Step 5.  Place your pieces of fabric face together, using the center mark to align the pieces…

center mark

Step 6.  Pin your two pieces of fabric together at this center point… your fabrics should still be face together and the bottom corners of the block should be roughly aligned.

pin center of block

Step 7.  To sew the pieces together, begin at the center part of the block… where you have pinned.  I put my machine foot down on pin, remove the pin, lower my needle manually and I am ready to sew.

start of curved piecing

Step 8.  Slowly sew from the center point out to one edge of the circle block, nudging fabric into alignment as you go.  The fabric may not want to lay flat and that is okay… just try to avoid sewing creases into the block.

Note:  I always sew with my machine in the needle down position, as it allows me to stop and adjust the block pieces as needed, without the risk of anything slipping or moving.

 

sew curve

Step 9.  As you are sewing you will notice the block ends do not align, this is okay…do not panic.

finishing the curve

Step 10.  When you have come to the end of the block, lift your needle, cut your thread and re-position your block back in the center, this time sewing the half of the block you have not done.

center of curve

Step 11.  Your block segment is now ready for pressing… an important step because it will not be laying flat at all and you will have to iron it into submission…

sewn block piece

Step 12.    When pressing my block I press my seams first from the back side of the block…… and then press the front side of the block, making sure that my curve is sitting as flat as I can get it.

Note:  When pressing the block I always use starch as it helps persuade the fabric to do what I need it to do.

press block piece

Step 13.  The block piece is now ready to trim down 6 1/2 inches… you should have a bit of wiggle room with this block to trim a little off kilter, or with more background or more circle, depending on what you want to do.

trim block

Step 14.  Repeat the process until you have all segments of your blocks done.  For each colour pairing you make you will end up with two blocks….

block pieces

For my Bee blocks I am asking for two (2) 12 1/2 inch unfinished blocks…. laid out with alternating light and dark circle pieces.

blocks layout

What I love about this colour palette is that it compliments the wonky so well… the mismatch, strange curves are subtle, there are no stark contrasts drawing your attention to the off kilter shapes.   I think this is going to be a charming quilt when done.

14 thoughts on “Wonky Circles tutorial

  1. Such a lovely colour palette!

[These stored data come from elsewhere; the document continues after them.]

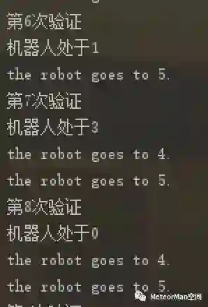 state = random.randint(0, 5)print('机器人处于{}'.format(state))count = 0while state != 5:if count > 20: # 如果尝试次数大于20次,表示失败print('fail')break# 选择最大的q_maxq_max = q[state].max()q_max_action = []for action in range(6):if q[state, action] == q_max: # 选择可行的下一个动作q_max_action.append(action)# 随机选择一个可行的动作next_state = q_max_action[random.randint(0, len(q_max_action) - 1)]print("the robot goes to " + str(next_state) + '.')state = next_state
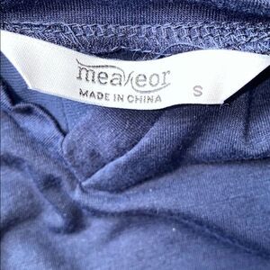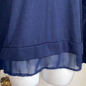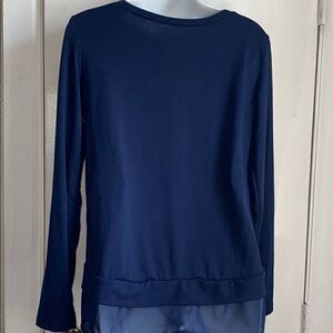 Navy blue washable long sleeve tee with v neck, sheer trim at the hem and collar. Measures 18” from armpit to armpit and 23” from top of shoulder to bottom hem. Great condition.
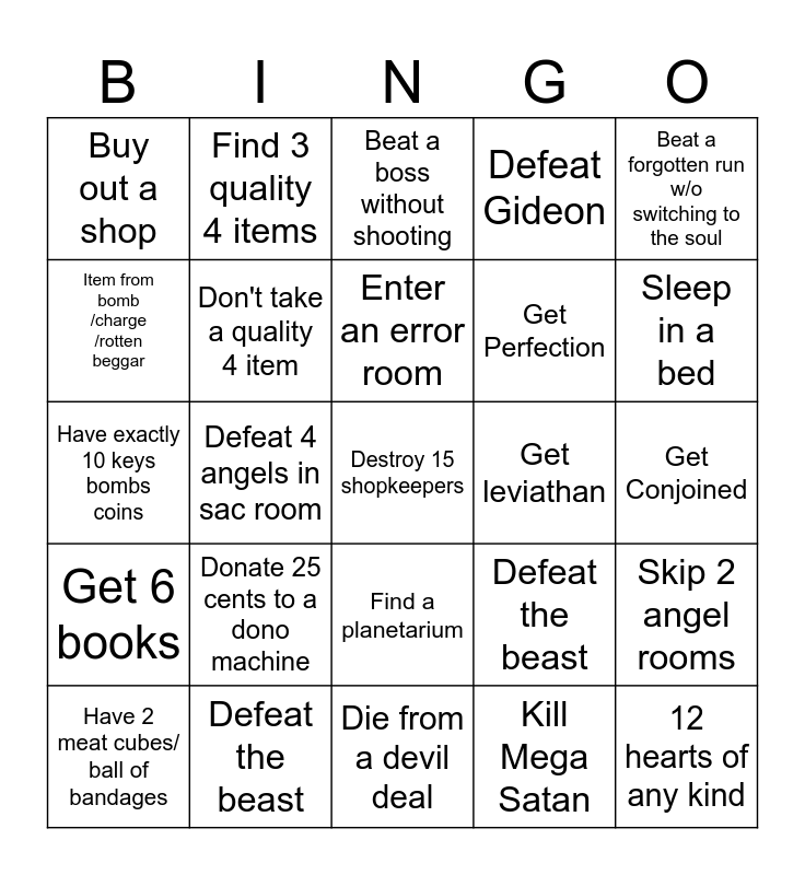 This bingo card has 25 words: Donate 25 cents to a dono machine, Die from a devil deal, Enter an error room, Have 2 meat cubes/ ball of bandages, Beat a forgotten run w/o switching to the soul, Buy out a shop, Item from bomb /charge /rotten beggar, Find 3 quality 4 items, Get leviathan, Find a planetarium, Get Perfection, Have exactly 10 keys bombs coins, Defeat the beast, Skip 2 angel rooms, Don't take a quality 4 item, 12 hearts of any kind, Get Conjoined, Beat a boss without shooting, Sleep in a bed, Defeat 4 angels in sac room, Destroy 15 shopkeepers, Defeat the beast, Get 6 books, Defeat Gideon and Kill Mega Satan.
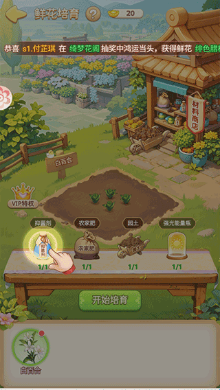 4、可以使用辅助道具进行培育,体验轻松的养成玩法获取更多稀有花卉。
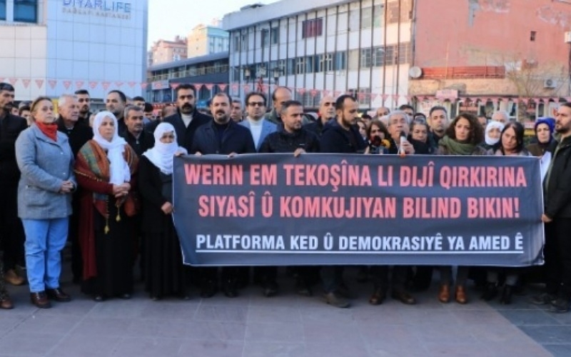 Amed Emek ve Demokrasi Platformu, Demokratik Bölgeler Partisi (DBP) Eş Genel Başkanı Keskin Bayındır ve yöneticilerin gözaltına alınmasına ve Paris’ te Ahmet Kaya Kültür Merkezi’ne yapılan saldırıya ilişkin Dağkapı Meydanı’nda açıklama yaptı.
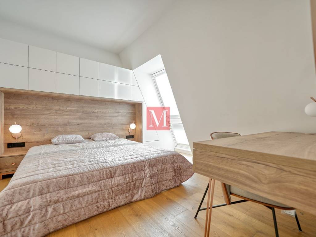 Sastoji se od ulaznog hodnika s ugradbenim ormarima, open-space dnevnog boravka s kuhinjom i blagovaonicom, master spavaće sobe s vlastitom kupaonicom i walk-in garderobom, dvije spavaće sobe, kupaonice, gospodarske sobe s perilicom i sušilicom rublja i terase s prekrasnim pogledom na Zagrebačku katedralu i park Ribnjak.

I particularly love the grey snowflake fabric… My instinct would have been to clip the seam allowances, but you’ve shown that with enough steam, starch and determination, you can get it flat without that!

  2. I tell my Costume students to leave the needle down as a pivot point. Helps keep things aligned. You can gently clip the curve for ease if others want a more flat curve. You clip only 1/2 of the seam allowance to allow the curve to ease flat. Same thing one would do for a neckline or armhole given the curve you sewed is larder than the curve you cut. But I LOVE the black & white camera tip!

  3. When you cut curves this way, they are NOT a perfect match because you have not allowed for the seam allowance. The only way to get these curves to match is to make a template for each half–a template where the 1/4 inch seam has been added. That’s why these curved cuts are puckered. This is why drunkard’s path designs with templates produce a beautifully matched curve–the pieces have the added seam allowance.

    • Hi Sandra. I have made enough drunkards path blocks to understand the joy of templates and seam allowances. I wanted to do something different with this block and wanted to try wonky circles. The seam allowance is added to the square size, so that you can trim to the correct size. I love the imperfections of these blocks and am excited to see how they look together.